(Provided data begins)
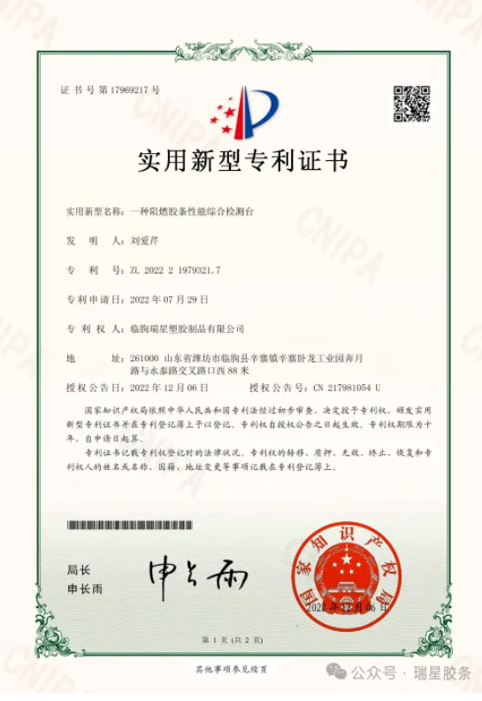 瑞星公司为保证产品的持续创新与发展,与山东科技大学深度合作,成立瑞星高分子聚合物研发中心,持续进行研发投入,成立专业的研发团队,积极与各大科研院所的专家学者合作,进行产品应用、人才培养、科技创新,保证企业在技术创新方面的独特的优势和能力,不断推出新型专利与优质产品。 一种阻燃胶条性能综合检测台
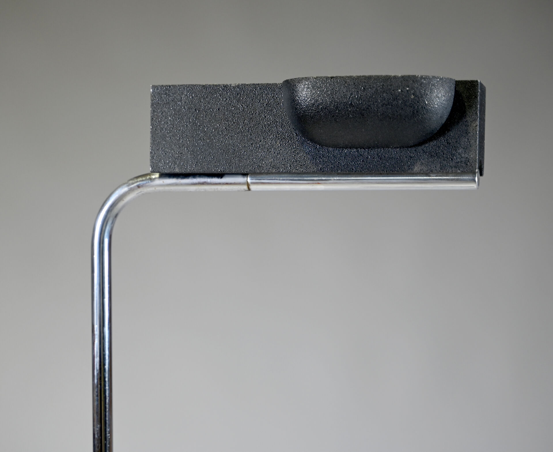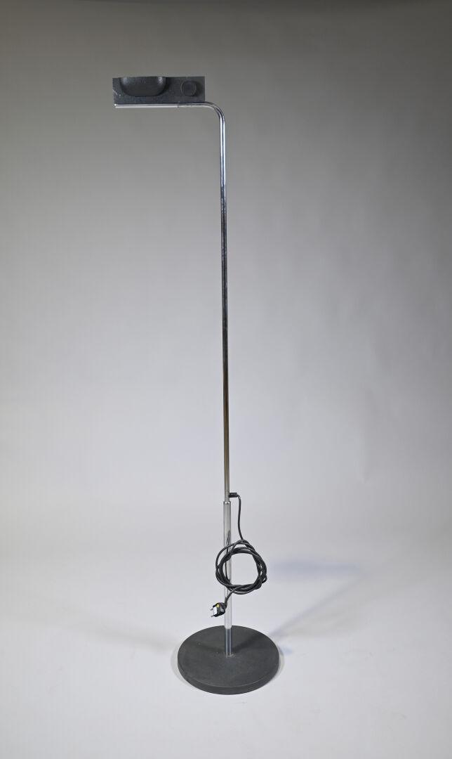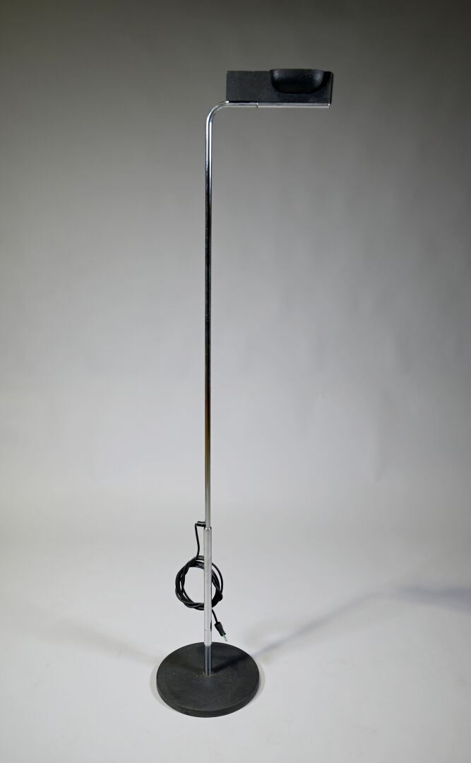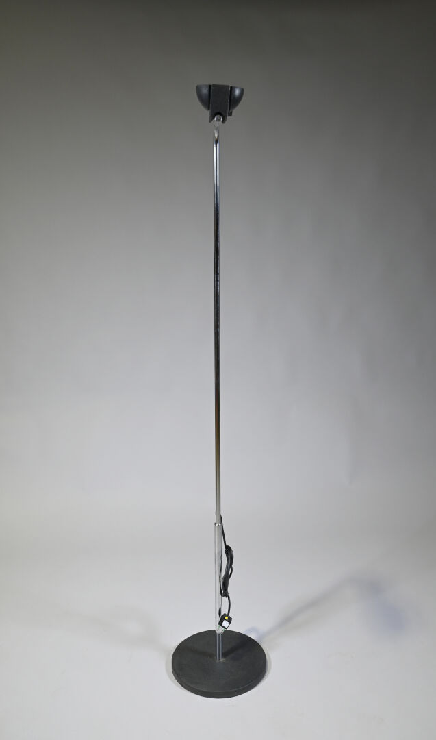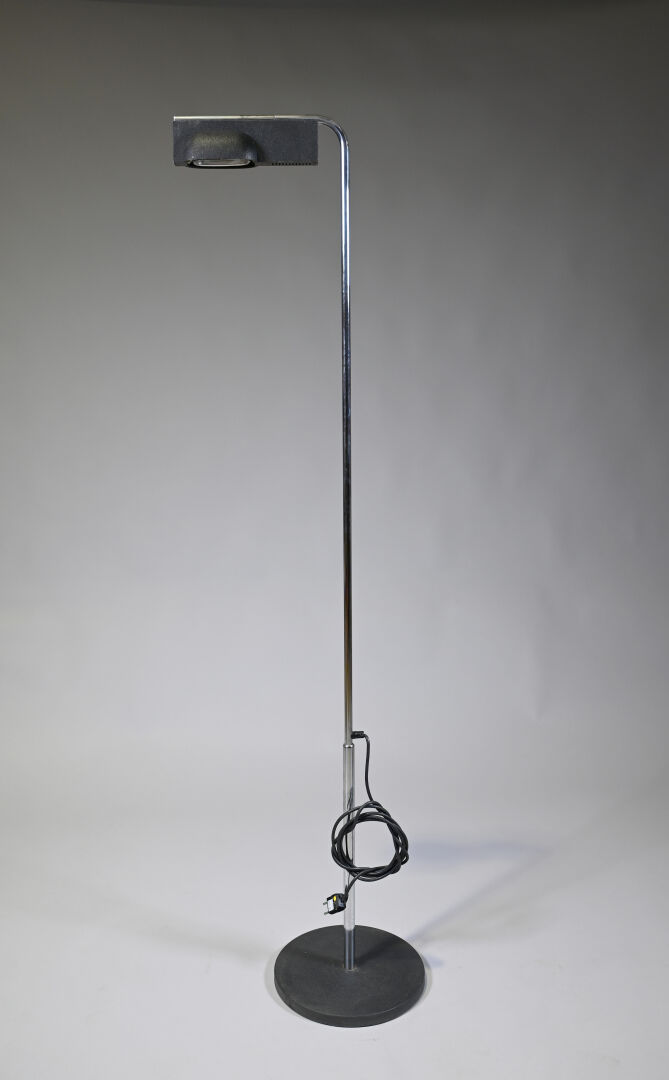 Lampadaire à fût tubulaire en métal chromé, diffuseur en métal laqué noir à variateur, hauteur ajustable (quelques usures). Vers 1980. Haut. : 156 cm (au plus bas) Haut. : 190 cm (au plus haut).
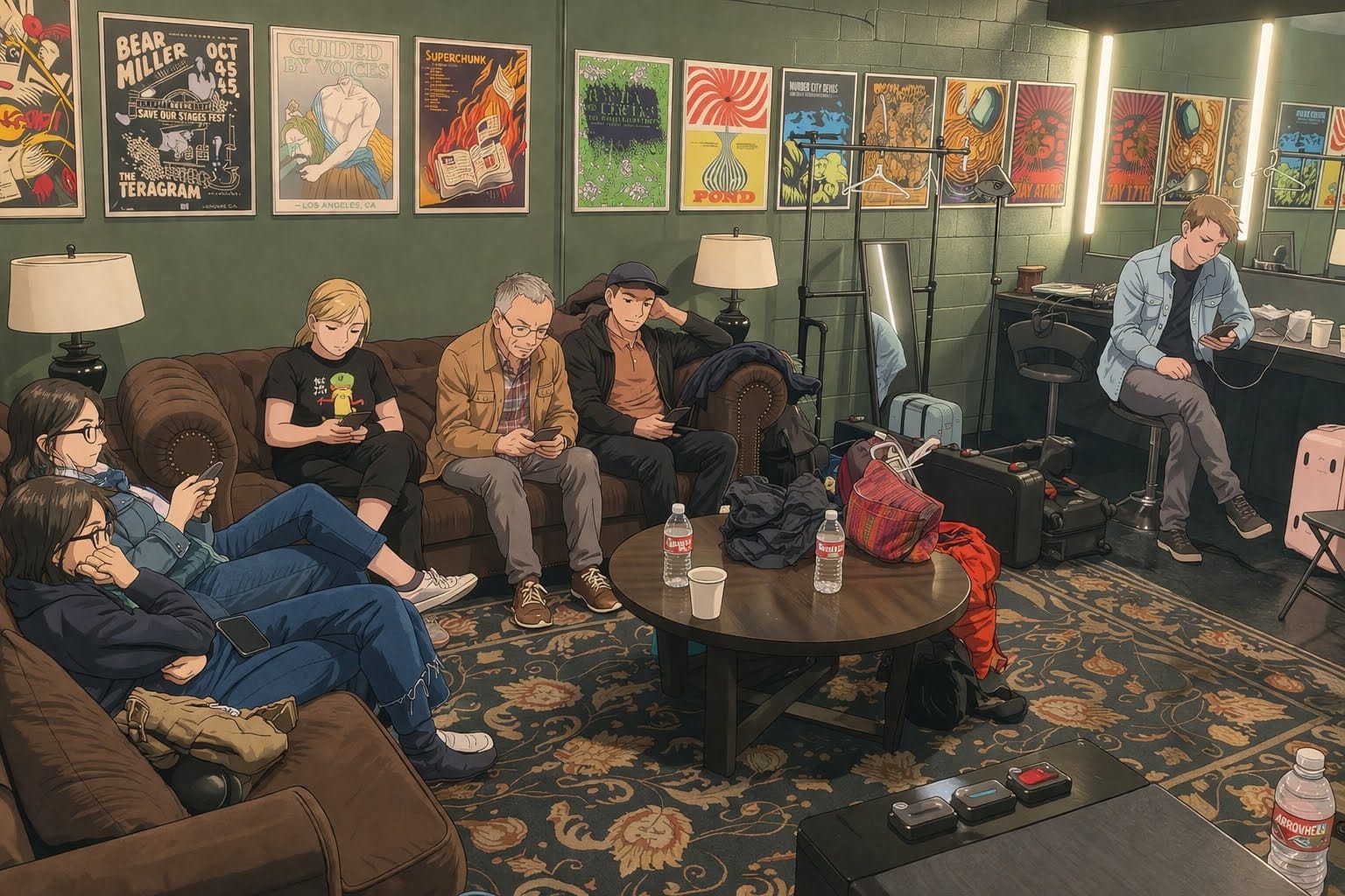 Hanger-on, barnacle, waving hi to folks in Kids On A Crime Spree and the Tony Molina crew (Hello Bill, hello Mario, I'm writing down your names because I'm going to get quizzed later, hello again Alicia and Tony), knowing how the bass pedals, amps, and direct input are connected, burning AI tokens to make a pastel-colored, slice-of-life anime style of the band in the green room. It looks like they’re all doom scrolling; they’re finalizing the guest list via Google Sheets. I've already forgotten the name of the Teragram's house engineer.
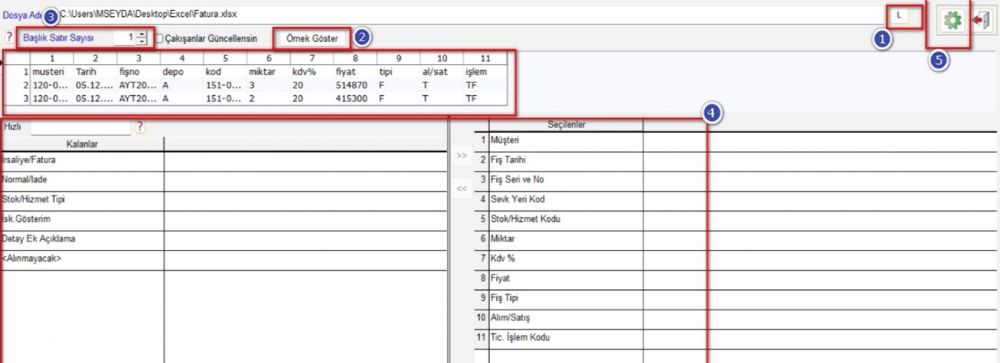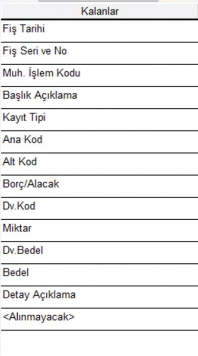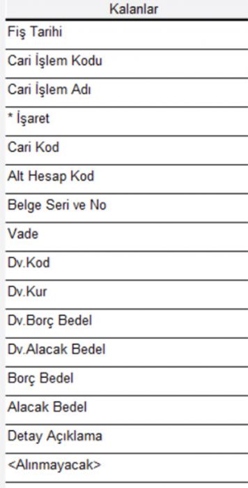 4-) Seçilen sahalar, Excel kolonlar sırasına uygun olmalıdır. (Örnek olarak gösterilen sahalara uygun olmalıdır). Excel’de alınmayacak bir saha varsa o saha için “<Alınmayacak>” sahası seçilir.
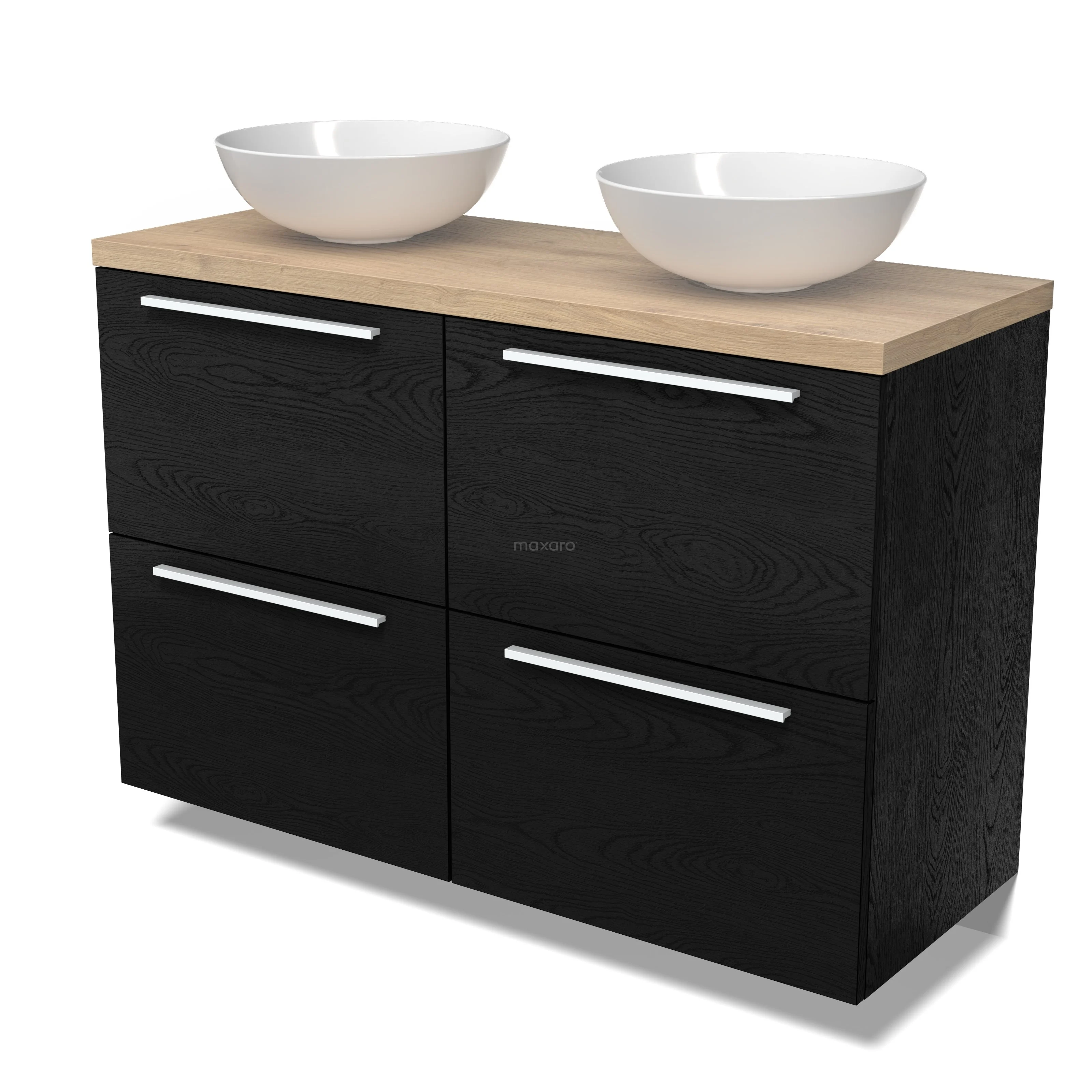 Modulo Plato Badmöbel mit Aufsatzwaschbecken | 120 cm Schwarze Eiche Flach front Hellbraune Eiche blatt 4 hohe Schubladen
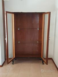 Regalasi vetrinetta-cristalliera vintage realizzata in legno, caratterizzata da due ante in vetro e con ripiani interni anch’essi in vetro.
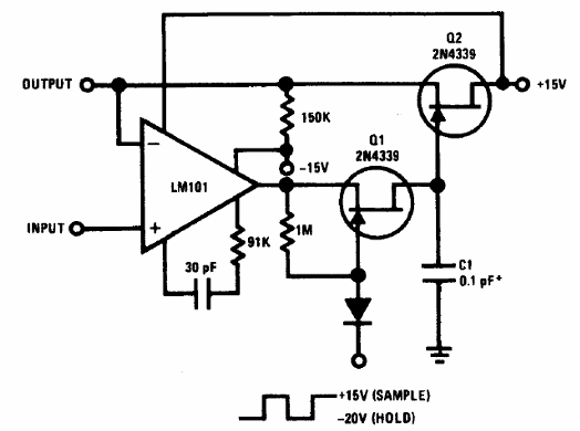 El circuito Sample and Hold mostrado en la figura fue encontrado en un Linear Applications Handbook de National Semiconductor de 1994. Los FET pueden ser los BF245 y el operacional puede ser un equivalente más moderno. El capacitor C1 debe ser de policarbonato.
(Provided data ends)
**What is being asked**
Exact repeat of the material above: every line from the one with "Lampadaire à fût" through the one with "Hanger-on, barnacle, waving", endpoints included, and nothing more. No pictures.

**Answer section**
 Lampadaire à fût tubulaire en métal chromé, diffuseur en métal laqué noir à variateur, hauteur ajustable (quelques usures). Vers 1980. Haut. : 156 cm (au plus bas) Haut. : 190 cm (au plus haut).
 Hanger-on, barnacle, waving hi to folks in Kids On A Crime Spree and the Tony Molina crew (Hello Bill, hello Mario, I'm writing down your names because I'm going to get quizzed later, hello again Alicia and Tony), knowing how the bass pedals, amps, and direct input are connected, burning AI tokens to make a pastel-colored, slice-of-life anime style of the band in the green room. It looks like they’re all doom scrolling; they’re finalizing the guest list via Google Sheets. I've already forgotten the name of the Teragram's house engineer.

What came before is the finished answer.